Several rocky fragments have been recovered from the fireball that lit up the sky above southern England just over a week ago.

They came down in the Winchcombe area of Gloucestershire.

A householder first alerted experts after noticing a pile of charred stone on his driveway. Other members of the public have since come forward with their own finds.

It’s 30 years since meteorite material was last retrieved in the UK.

Researchers are particularly thrilled because of the rarity of the rock type.

It’s carbonaceous chondrite – a stony material that retains unaltered chemistry from the formation of our Solar System 4.6 billion years ago.

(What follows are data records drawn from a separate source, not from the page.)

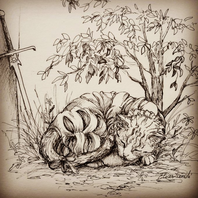 ✒️21st day of #Inktober! 😴 Today's theme is sleep ⚔️ After sparring ... even #hemacats need a nap! #hemanimals @inktober #inktober2020 #inktober2020day21 #CatsOfTwitter #cat #micio #historicalfencing #hema #historicalmartialarts #federschwert #ink
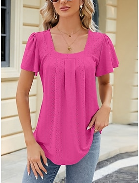 Dámské Halenka Poutko Pevná barva stylové Na běžné nošení Krátký rukáv Hranatý Běžné topy Denní Černá Světlá růžová Fialová Fialová Fuchsiová Léto Jaro
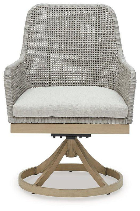 This swivel bar stool invites your casual contemporary style outdoors. With its resin wicker in a chic neutral hue, it expertly marries refined design with durability. The 360-degree swivel makes it easy to switch from watching the kids at the pool to grabbing a drink from the table. And breezy summer mornings and cold winter nights are made all the more comfortable with high-performance Nuvella+™ fabric covering the seat cushion.
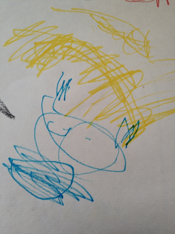 Рисует по мне так супер, проявляя бурную фантазию. На днях видео наснимала. Обезьянка с рюкзачком тянется лапками к бананам. У кошки ротик "такой большой", глазки "один большой, другой поменьше", ушки, шерсть, она абрикос держит, "тут рюкзачок такой зарисованный". Карандаши, фломастеры и восковые мелки держит неправильно, закрашивает все белые области, старается, но за контуры заходит. Закрашивает красками и кисточкой раскраски очень аккуратно, но тоже заходит за контуры, если они тонкие.
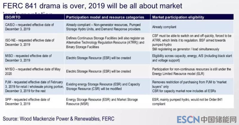 隨著電網(wǎng)運(yùn)營(yíng)商近日向美國(guó)聯(lián)邦能源監(jiān)管委員會(huì)(FERC)提交了正式的841訂單合規(guī)計(jì)劃,現(xiàn)在可以更加全面地了解每個(gè)電網(wǎng)運(yùn)營(yíng)商的實(shí)施和發(fā)展計(jì)劃。雖然美國(guó)儲(chǔ)能聯(lián)盟(ESA)確實(shí)對(duì)這些最終計(jì)劃表示不滿,表明未來對(duì)此還有更多的爭(zhēng)論,但2018年開放的841號(hào)訂單強(qiáng)制性市場(chǎng)的變化仍有望為批發(fā)能源和輔助服務(wù)市場(chǎng)提供大量新的機(jī)會(huì)。

Dr Ashley King from London’s Natural History Museum (NHM) said nothing like it had ever been recorded in the UK before.

“Carbonaceous chondrites are particularly special because they are essentially the left-over building blocks of our Solar System.

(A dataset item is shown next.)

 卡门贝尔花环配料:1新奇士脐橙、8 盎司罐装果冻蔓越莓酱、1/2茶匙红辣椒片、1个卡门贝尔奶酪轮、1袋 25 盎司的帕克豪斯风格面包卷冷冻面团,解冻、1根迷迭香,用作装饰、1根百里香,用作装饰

“Many contain simple organics and amino acids; some of them contain minerals formed by water – so, all the ingredients are there for understanding how you make a habitable planet such as the Earth,” he told BBC News.

Driveway pile

Anonymous

Thousands of people reported seeing a blazing light rush across the sky at 21:54 GMT on Sunday 28 February. But, crucially, the event was also captured on the array of special cameras operated by the UK Fireball Alliance (UKFAll).

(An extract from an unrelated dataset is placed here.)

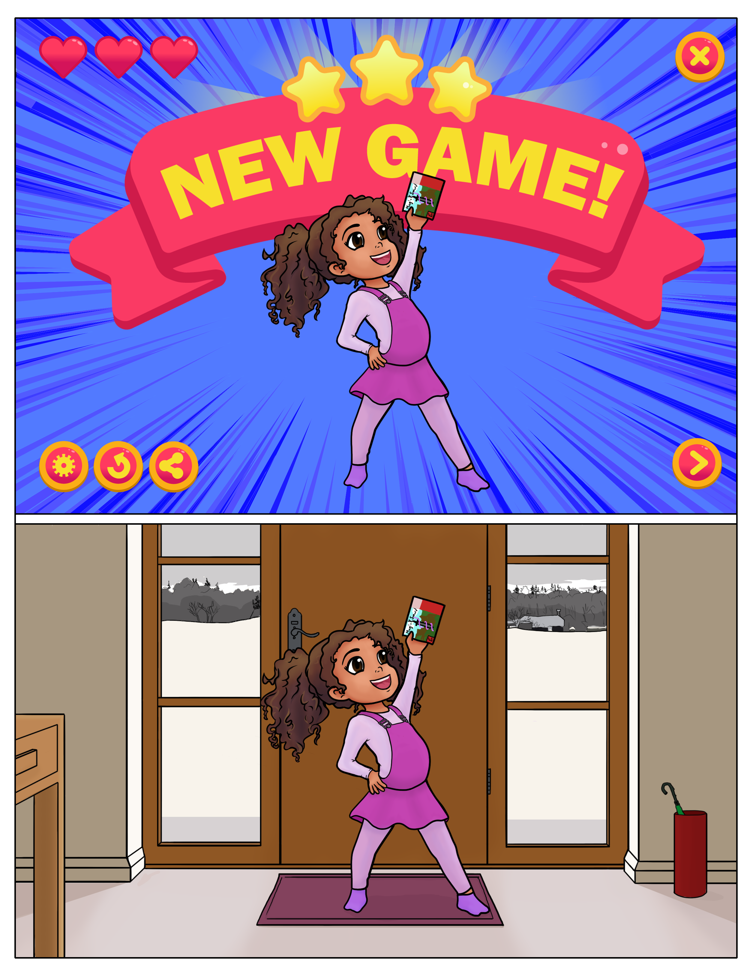 You could have fun with the couch scene to emphasize her energy. have her bounce from the back to the couch to the floor and add other flourishes to show how much energy and excitement she has to play the new game.

Their information was able to pinpoint the likely area of debris fall.

“Somewhere north of Cheltenham, over towards Stow-On-The-Wold”, was the prediction. This would still have been “a needle in a haystack” quest, but researchers were in luck.

Some of the meteorite had smashed down on to a Winchcombe resident’s front drive.

Dr Richard Greenwood was despatched to see the Winchcombe resident, who wishes to be anonymous.

“I looked in this plastic bag he’d been told to put it in, and my legs went wobbly. It was unbelievable. This is a very special meteorite,” the Open University researcher recalled.

A search team was immediately sent out to comb the local area for more fragments. And, in the meantime, other property owners started notifying scientists of their discoveries, too.

All told, there must be 300-400g of material, most of it now lodged with the NHM.

The pieces are small – marble-sized. Prof Monica Grady, also from the OU, describes them as looking like “a broken barbecue briquette. It is one of the most beautiful things I’ve ever seen”, she told BBC News.

Field search

Glasgow University

It’s hard to overstate just how significant this is for British meteoritic science.

Of the approximately 65,000 meteorites in collections worldwide, only 1,206 had eyewitnesses to their fall, and of these only 51 are of the carbonaceous chondrite type.

Because this fireball was tracked via camera on entry to Earth’s atmosphere, its orbit has been worked out. The object came from the outer asteroid belt, out towards Jupiter.

This means its composition almost certainly will be very primitive.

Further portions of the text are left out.